The Rich Stay Rich – But The Poor Have Microwaves
Few articles make our collective economic reality as clear as this. It’s a good read. Here the important part:
Here’s the scary news: Over half of all middle-class families have no net financial assets. That means no savings, or debts that exceed any assets. Nearly one in four middle-class families have someone who lacks health insurance. And 80 percent of middle-class families cannot cover the bulk of their essential living expenses for even three months if something should happen to their income.
On a whole, the report’s Middle Class Security Index says that 25 percent of middle-class families are at a high risk of slipping out of that class entirely and another 44 percent don’t have what they need to remain securely in it.

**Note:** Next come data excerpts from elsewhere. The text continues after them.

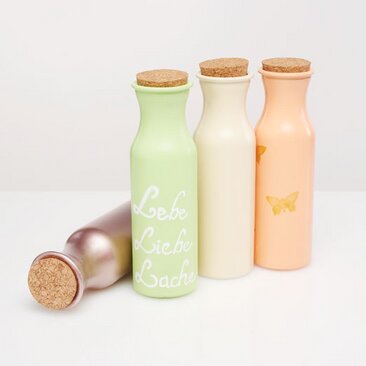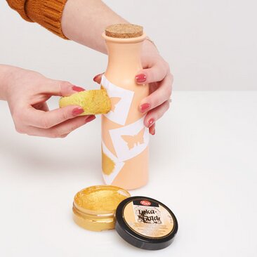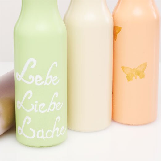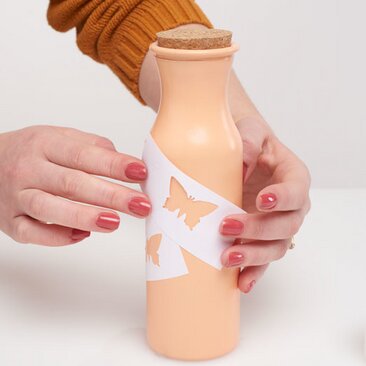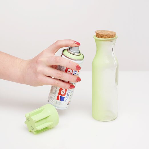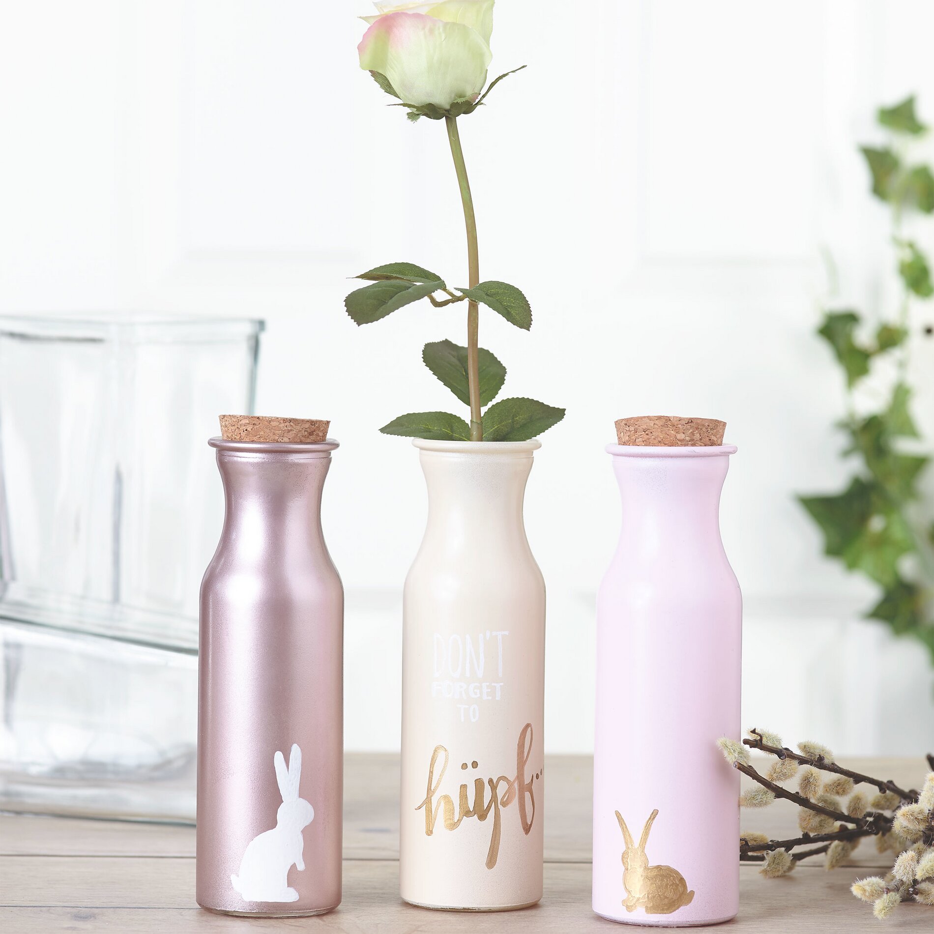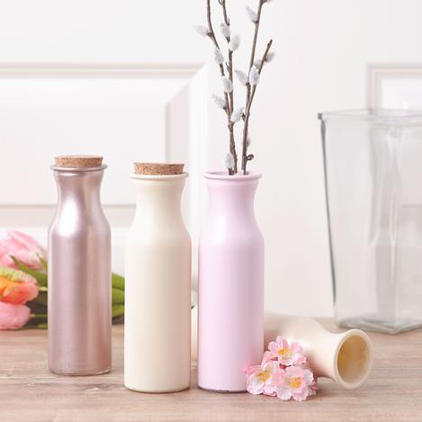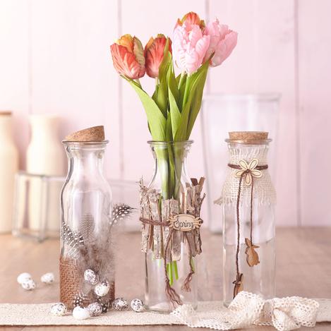 Wystarczy odrobina czasu i materiałów, aby ułożyć na szklanych butelkach jutową wstążkę, wiązki kory, małe piórka, kawałki drewna i ozdobne jajka. Przeciągnij pasek przezroczystej dwustronnej taśmy klejącej wokół szklanej butelki, aby ją zabezpieczyć. Wstążkę jutową można umieścić na wierzchu.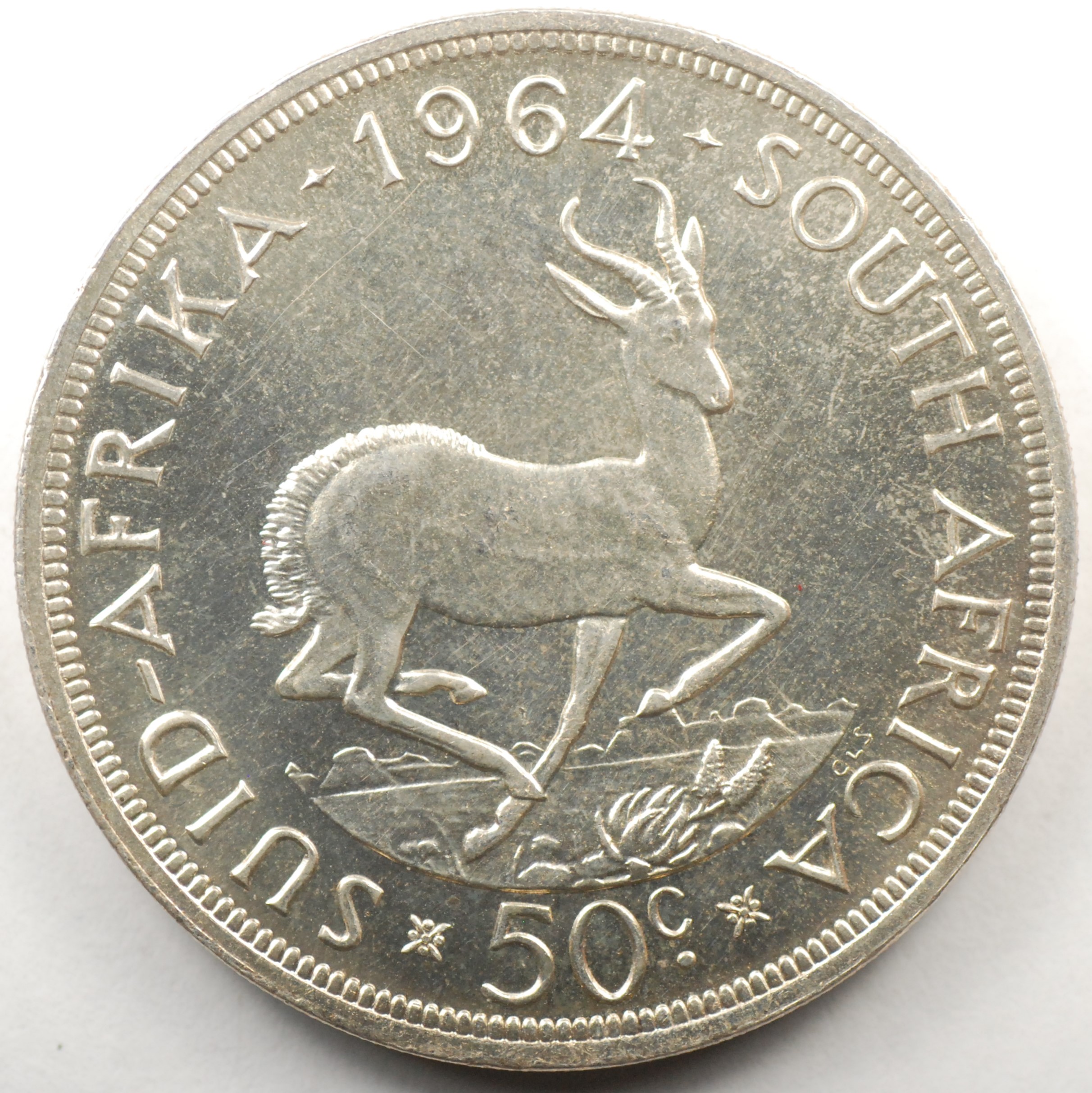 | FC | 9552 | 1964 | SOUTH AFRICA | 50 Cents | Springbok | 0.500 | 0.4546 | Silver | 62 | Bril. Uncirculated | $26.00 | |||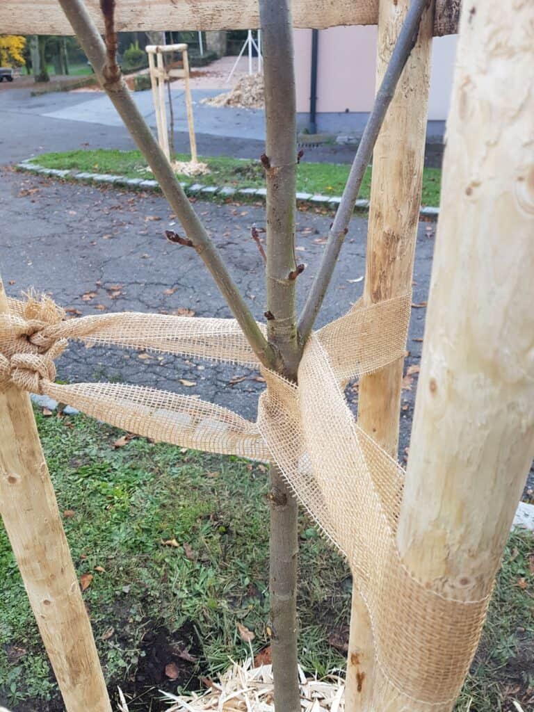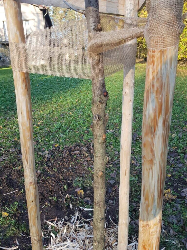 Dřevina ke kůlu musí být vyvázána ve ¾ své výšky. U většího stromu jeden kůl nestačí. Ohrádku složenou ze tří kůlů a třech příček, dáváme ke každému silnějšímu stromku. Ohrádka zajišťuje stabilitu stromu a nové kořínky jsou v bezpečí.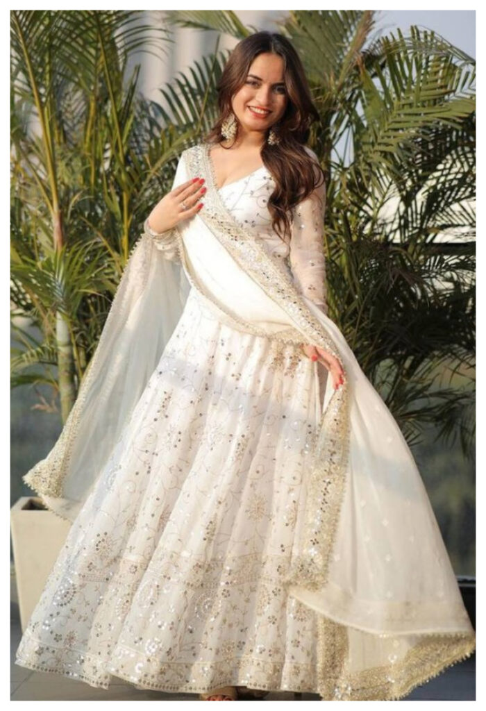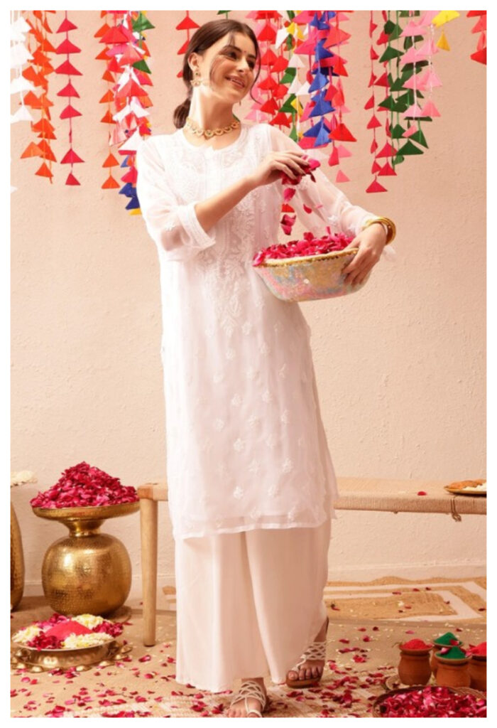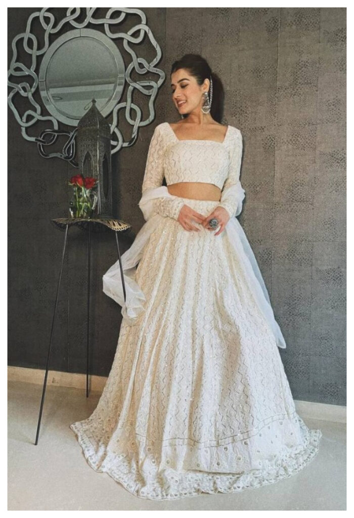 Next on our list of Cloud Dancer white outfit ideas is this elegant georgette lehenga choli from Mirraw. Featuring a stylish square neckline and full sleeves, the choli exudes charm. The skirt is flared and pretty. Further, the outfit has stylish Chikankari embroidery all over it, enhancing its charm even further. The top pick for festivals and parties, this lehenga has truly mesmerized us.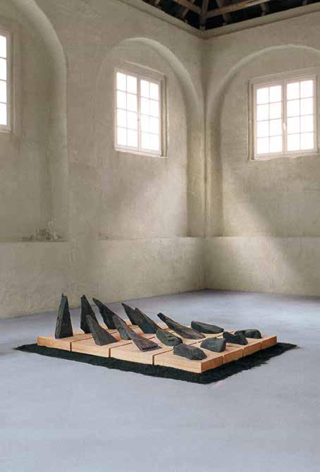 • Besonders zog mich in diesem privaten Rückzugsraum das Vorherrschen von Stein und Holz in den Bann, mit denen der Künstler von Mal zu Mal das Volumen und die Fläche, das Fragment und den Block verbindet und dem stets der Wille zugrunde liegt, das Wesentliche ohne Blendwerk und Abschweifungen, eine absolute, teilweise extreme kompositorische Strenge zu erzielen. In dieser Perspektive ist auch die Auswahl von Ewers Werken im Ausstellungskonzept exemplarisch: Der an den Merkmalen und der plastischen Note der einzelnen Stein- und Holzelemente ablesbare, fast wissenschaftliche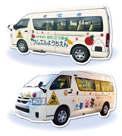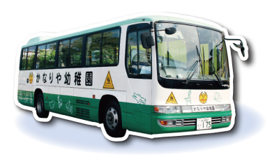 市内広域に4バス(緑・青・赤・黄)計12コースを巡回。同園専用バスを「バスのおじちゃん」で親しまれる職員たちが運転しており、3年間ずっと同じ人が送迎してくれるので安心。送迎以外にも港町グラウンドでの運動、合気道の道場のほか、保育時間内のおでかけ、遠足、社会見学などにも同じバス同じ運転手で親しまれる大活躍バス。ボディにいろんな動物が描かれ、シートもかわいい。

The Demos study gets to the heart of our national economic anxieties. Men in their 30s earn less today, adjusted for inflation, than did their fathers at that age, suggesting that social mobility is reversing. The cost of essentials such as housing and health care is outpacing income, and the thing that brought security to retirement – the defined-benefit pension – is a relic.
That’s why the microwave oven argument just doesn’t wash. Until the middle class gets back its economic footing, any talk about shared prosperity is a feint. Some Americans wake up every day with their stock portfolios bulging and others wake with foreclosure fears. The fact that they both have a clothes dryer doesn’t make them the same.